What has continued to affect the appropriate treatment of this condition is that none of the above "solutions" actually addresses the cause of the problem. Being overweight does not cause the problem, and neither does smoking, drinking, or sleeping on one's back. So, what does cause it?
The Cause of Sleep Apnea
Our bodies have numerous control systems to regulate and maintain physiological conditions. For example, your body's core temperature is maintained with a control system that is always operating. The metabolism is regulated to smoothly and continuously provide enough heat from digestion and fat storage to maintain the desired body temperature. If the temperature gets too high, you begin to sweat. If the temperature gets too low, you burn more stored fat to release heat energy. This is an example of a "proportional" control system, meaning a system that makes continuous corrective actions proportionate to the "error" in the system. Your respiratory system is a similar system. As blood oxygen levels drop, your respirations become deeper and more regular, increasing heart rate.
Another type of system in the body is the "bi-valent system". This is a system that has two states, either active or inactive. A good example of this system is the gag reflex. If a foreign object advances down your throat, your body convulsively expels it by rapid contraction of the esophagus and stomach. This is not a response proportional to the amount of penetration, it is an all or nothing response. You either vomit, or you don't.
There are multiple control systems that work actively in your body, as well as protective systems as well. The two that I need to bring to your attention are directly relevant to the respiration system. One is proportional and the other is bi-valent. As previously mentioned, there is a control system that is responsible for regulating the blood oxygen level. It must be able to control the diaphragmatic muscles in order to regulate the depth of respiration. This is where the trouble begins.
When we start to fall asleep, we move from stage one (drowsiness) into stage 2 sleep, which is the transition stage before entering REM sleep. REM sleep (rapid eye movement) is where we dream. Dreaming is critical to a good night's sleep. When we enter stage two sleep, muscular activity is inhibited. This is a function that occurs primarily to keep the dreamer from physically acting out the movements of their dreams, since the part of the brain that controls muscular movement cannot tell the difference between you dreaming of walking down the stairs and the actual action of walking down the stairs. This muscular inhibition is very important, and is accomplished by suppressing the movement of signals from the brain along the spine. Unfortunately, problems develop as we age.

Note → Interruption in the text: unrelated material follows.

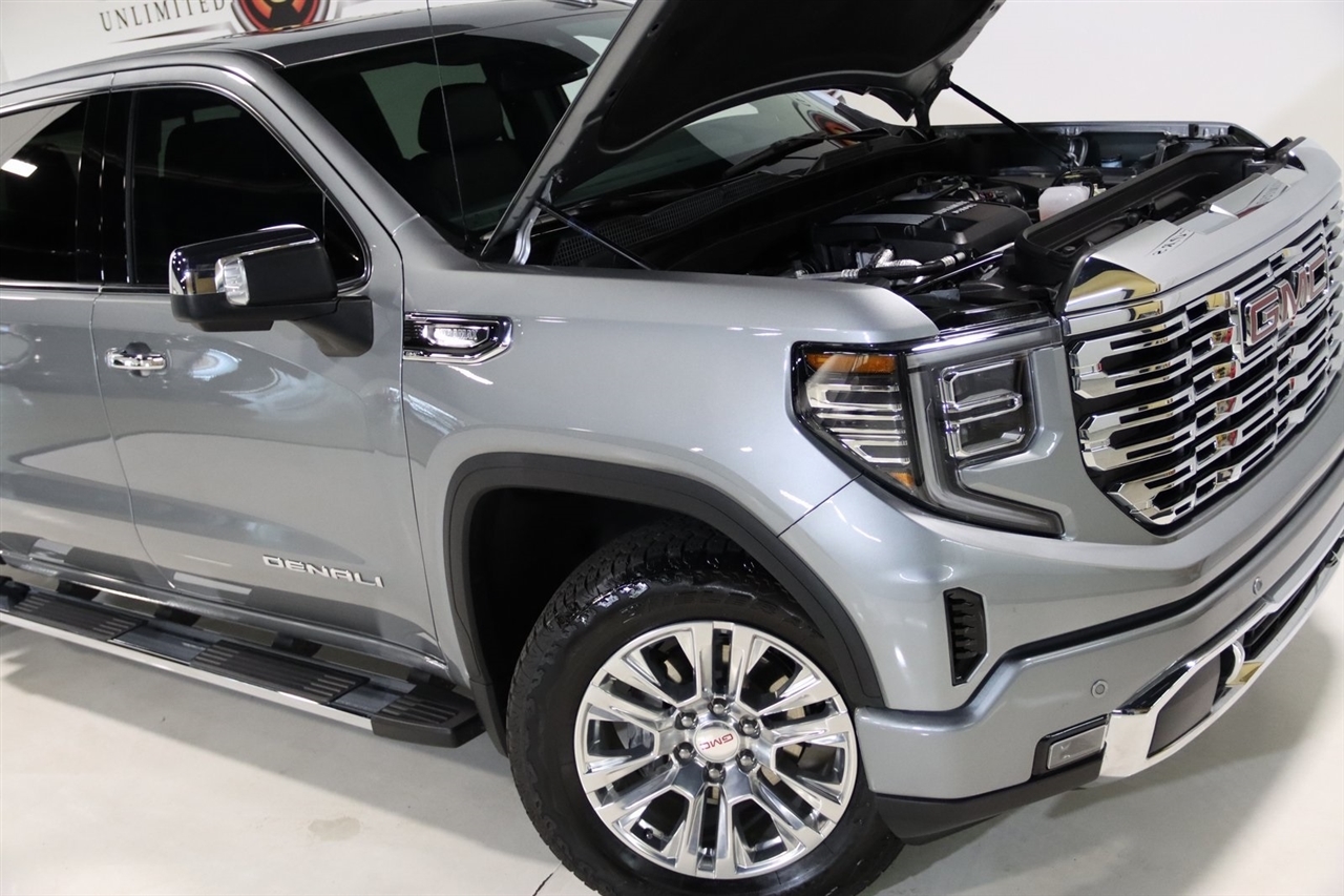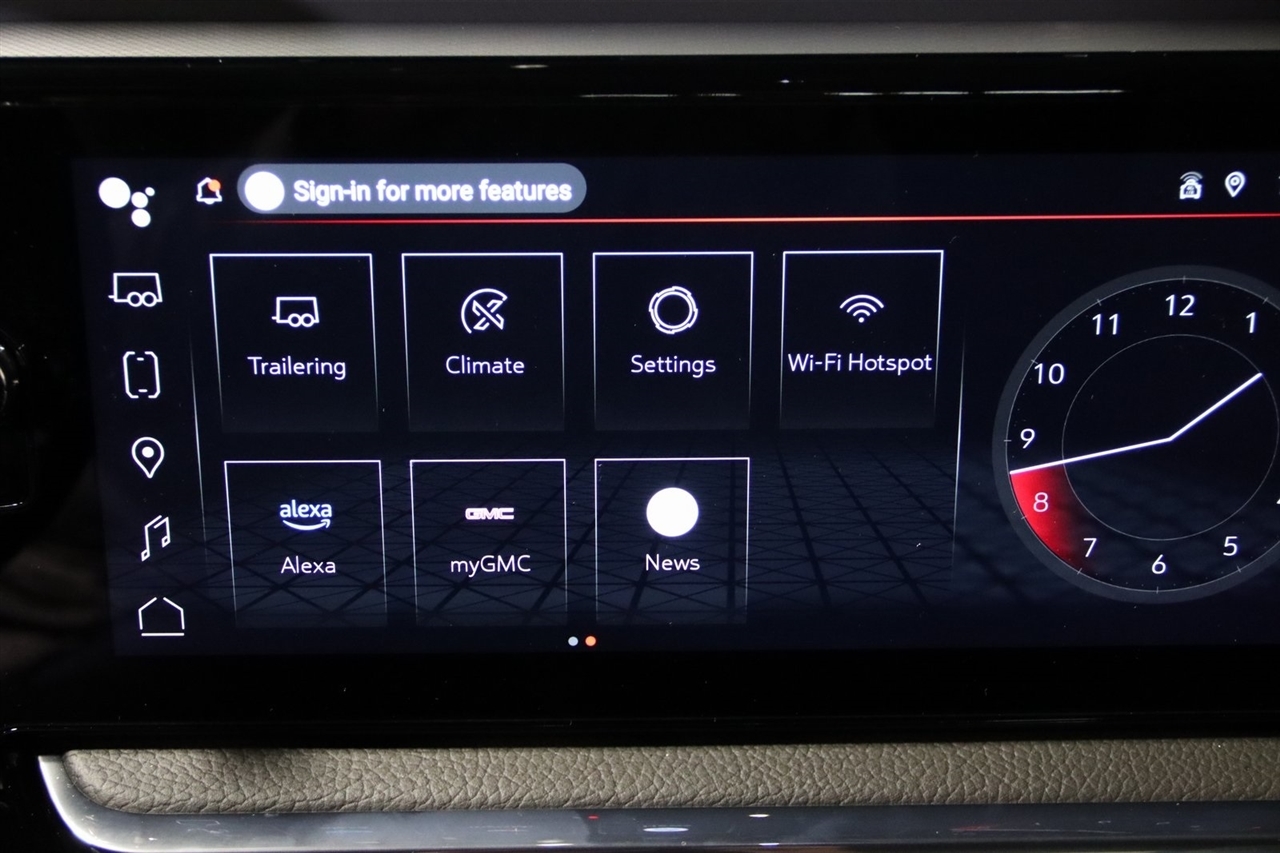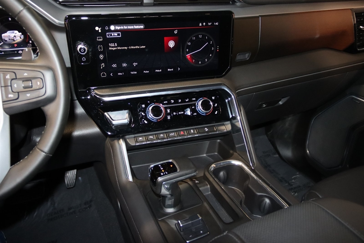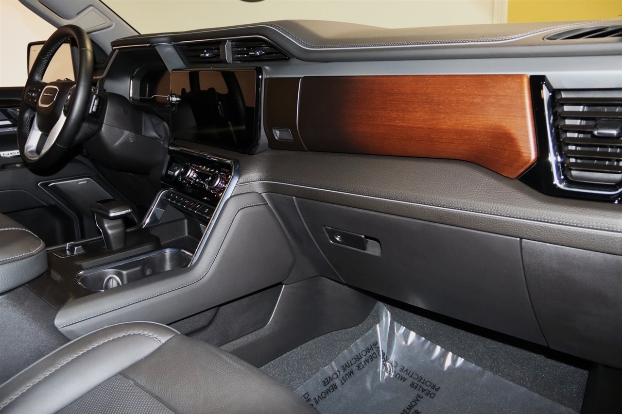 Navigation, Bluetooth, Back Up Camera, Sun/Moon Roof, Heated Seats, Touch Screen, 12-Way Power Driver Seat Adjuster w/Lumbar, 12-Way Power Passenger Seat Adjuster w/Lumbar, 120-Volt Bed Mounted Power Outlet, 120-Volt Interior Power Outlet, 170 Amp Alternator, 2 Charge/Data USB Ports Inside Center Console, 2 Type-C Charge-Only Rear USB Ports, 2 USB Ports, 220 Amp Alternator, 3.23 Rear Axle Ratio, 4-Wheel Disc Brakes, 7 Speakers, ABS brakes, Adaptive suspension, Air Conditioning, Alloy wheels, AM/FM radio: SiriusXM with 360L, Apple CarPlay/Android Auto, Auto High-beam Headlights, Auto-dimming door mirrors, Auto-dimming Rear-View mirror, Auto-Locking Rear Differential, Automatic temperature control, Auxiliary External Transmission Oil Cooler, Bed View Camera, Brake assist, Buckle to Drive, Bumpers: body-color, Chrome Header w/Signature Denali Chrome Grille, Chrome Recovery Hooks, Chrome Wheel To Wheel Assist Steps, Color-Keyed Carpeting Floor Covering, Compass, Deep-Tinted Glass, Delay-off headlights, Denali Premium Suspension w/Adaptive Ride Control, Driver door bin, Driver Memory, Driver vanity mirror, Dual front impact airbags, Dual front side impact airbags, Electric Rear-Window Defogger, Electronic Stability Control, Emergency communication system: OnStar, Engine Block Heater, Enhanced Automatic Emergency Braking, Floor-Mounted Center Console, Following Distance Indicator, Forge Perforated Leather Seat Trim, Forward Collision Alert, Front anti-roll bar, Front Bucket Seats, Front Center Armrest, Front dual zone A/C, Front fog lights, Front Pedestrian Braking, Front Rain-Sensing Wipers, Front reading lights, Front wheel independent suspension, Fully automatic headlights, Garage door transmitter, Genuine wood console insert, Genuine wood dashboard insert, Genuine wood door panel insert, HD Surround Vision, Heated 2nd Row Outboard Seats, Heated door mirrors, Heated Driver & Front Outboard Passenger Seating, Heated front seats, Heated rear seats, Heated steering wheel, Heavy-Duty Air Filter, Hill Descent Control, Hitch Guidance, Hitch View, Illuminated entry, In-Vehicle Trailering System App, Integrated Trailer Brake Controller, IntelliBeam Automatic High Beam On/Off, Keyless Open & Start, Lane Keep Assist w/Lane Departure Warning, LED Cargo Area Lighting, Low tire pressure warning, Memory seat, Navigation System, Occupant sensing airbag, OnStar Services Capable, Outside temperature display, Overhead airbag, Overhead console, Panic alarm, Passenger door bin, Passenger vanity mirror, Perimeter Lighting, Power Door Locks, Power door mirrors, Power driver seat, Power Front Passenger Windows w/Express Up/Down, Power Front Windows w/Driver Express Up/Down, Power passenger seat, Power Rake & Telescoping Steering Column, Power Rear Windows w/Express Down, Power Sliding Rear Window w/Rear Defogger, Power steering, Power Sunroof, Power windows, Preferred Equipment Group 5SA, Premium Bose 7-Speaker Sound System, Push Button Start, Radio data system, Radio: Premium GMC Infotainment Audio System, Rain sensing wipers, Rear Cross Traffic Braking, Rear Pedestrian Detection, Rear reading lights, Rear seat center armrest, Rear step bumper, Rear Wheelhouse Liners, Rear window defroster, Remote keyless entry, Remote Vehicle Starter System, Safety Alert Seat, Security system, SiriusXM w/360L Trial Subscription, Speed control, Speed-sensing steering, Split folding rear seat, Spray-On Pickup Bedliner w/GMC Logo, Steering Wheel Audio Controls, Steering wheel mounted audio controls, Tachometer, Telescoping steering wheel, Theft Deterrent System (Unauthorized Entry), Tilt steering wheel, Traction control, Trailer Camera Provisions, Trailer Side Blind Zone Alert, Trailering Package, Trip computer, Ultrasonic Front & Rear Park Assist, Universal Home Remote, Variably intermittent wipers, Ventilated Driver & Front Passenger Seats, Ventilated front seats, Voltmeter, Wheels: 20 x 9 Multi-Dimensional Polished Alum, Wi-Fi Hotspot Capable, Wireless Apple CarPla

The first problem is that the muscles of the soft palate become weaker, allowing it to sag.
The second problem is that communication between the diaphragm and the brain becomes obstructed.
The result is that upon entering stage two sleep, the muscles holding the soft palate out of the air-way is reduced, allowing it to sag into the airway. While this is happening, the same inhibition of muscle movement is reducing the signals to the diaphragm on an already obstructed channel. As a result, breathing becomes shallower and shallower because of insufficient signal strength to the diamphragmic muscles.
This drops blood oxygen levels. The normal proportional control cannot maintain the desired level and a safety back-up system comes in. When the blood oxygen level gets low enough to cause the individual to suffer physiological damage, a bi-valent system intervenes and causes the body to make a large and immediate inhalation. This can suck the sagging-soft palate into the airway.
This causes the subject to awaken with a loud snort. Respiration becomes somewhat normal again as the sleeper escapes entry into stage two sleep. However, as they begin to drift off to sleep again, they once again move into stage two, the muscle palate sags, the signal to the diaphragm diminishes and the cycle begins again. The resulting snorts usually awakens the subject every minute or so.